Casi de puntillas se ha movido por los círculos económicos y culturales un ambicioso y perspicaz ensayo publicado en agosto de 2018 en Amazon titulado El futuro que nos pisa los talones, escrito por un notario, Miguel Morales Montoto de sólida formación jurídica y económica que aborda con erudición y solvencia los problemas que acucian al mundo actual y las encrucijadas con que se topan las naciones que componen la actual Aldea Global.JAGS 3
El populismo, los movimientos migratorios, el calentamiento global, el multiculturalismo o la ya inasumible deuda pública son analizados desde una perspectiva histórica y hasta sus manifestaciones más descarnadas en la actualidad, sorprendiendo al lector con la crudeza de los retos a que se enfrenta esta sociedad globalizada acosada por un futuro incierto pero acuciante y amenazador.

“Admirable y didáctico el soporte histórico de sus reflexiones, el catálogo de los logros y avances, decisivos para la época, de la Escuela de Salamanca del siglo XVI y las admirables Leyes de Indias. Y la estructura y funciones de las Instituciones multinacionales”

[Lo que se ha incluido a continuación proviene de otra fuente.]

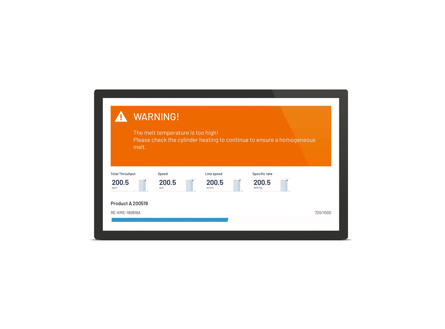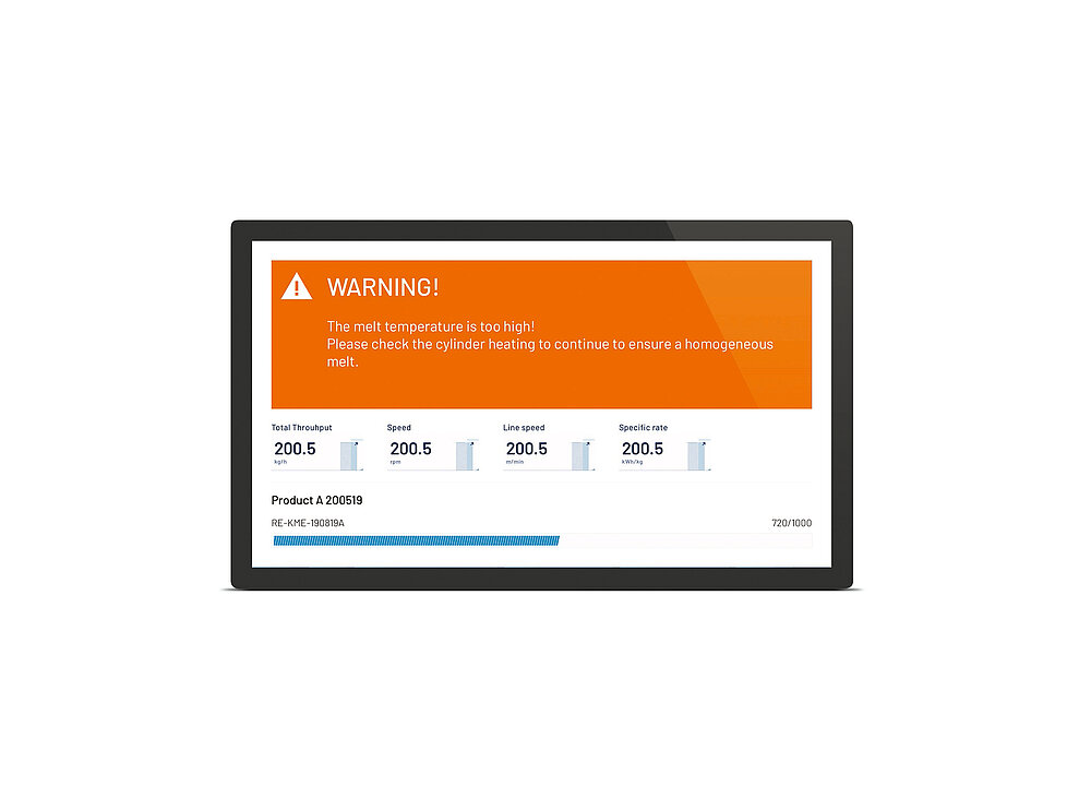 This user interface is designed for industrial machines used in the extrusion and recycling of plastic and rubber products. It is used for process monitoring and machine operation, with a focus on presenting the most important figures and notifications from the system. Interactive displays, favourite pages and workflows help users to understand and manage complex processes. The design of the user interface is clearly structured, functional and responsive, allowing it to be used on various monitor sizes and smart devices. It reflects key aspects of the corporate design and contributes to a consistent brand image.

Admirable y didáctico el soporte histórico de sus reflexiones. Por ejemplo los trazos hábiles y precisos con que delinea la historia económica mundial. O citemos como particularidad el generalmente olvidado catálogo de los logros y avances, decisivos para la época, de la Escuela de Salamanca del siglo XVI y las admirables Leyes de Indias. Y en un horizonte global la estructura y funciones de las Instituciones multinacionales. En conjunto componen un ensayo realmente instructivo y ejemplar.